The secret understanding was arrived at in the meeting Monday in Washington between U.S. President Barack Obama and visiting Israeli Prime Minister Benjamin Netanyahu, Maariv’s Ben Caspit says, quoting unnamed Israeli and Western officials and intelligence sources.

The details of the military sale were then given to Israeli Defence Minister Ehud Barak and U.S. Defence Secretary Leon Panetta to work out.

The scheme is consistent with President Obama’s interest in delaying at least until after this year’s presidential election any attack on Iranian facilities, for fear of the destabilizing effect such an attack would have on the world economy and on regional security.
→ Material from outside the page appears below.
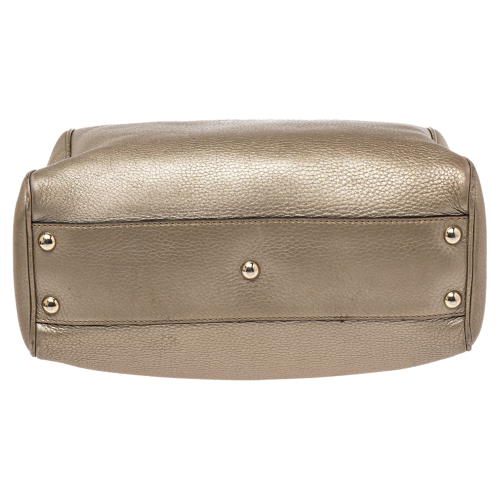 Handbags as fabulous as this one are hard to come by. So own this gorgeous Gucci tote today and light up your closet Crafted from metallic gold leather this stunning number has a spacious canvas interior and is wonderfully held by two bamboo handles which make the piece all the more worthy of being in your closet.

It also will provide an opportunity for a possible diplomatic success in talks with Iran announced this week. The so-called P5+1 talks involve the five permanent members of the United Nations Security Council (the United States, Great Britain, France, Russia and China) plus Germany meeting with Iran.

The secret understanding, now leaked to the public, also raises the stakes for Iran in a military encounter with Israel and may pressure Tehran into accepting terms for guaranteeing that its nuclear program is only for peaceful uses.

Politically, it also lets Mr. Netanyahu off the hook.

For months he has whipped up the case for Israel’s right to carry out a pre-emptive attack on Iran in the name of the Jewish state’s self defence. But without co-operation from the United States in such an attack, the Israeli public made it clear it did not support him.

Now, with this understanding, and with evidence of the United States’ commitment to support such an attack (if and when it becomes necessary), the Israeli Prime Minister can put down his sabre for the moment, and still declare victory.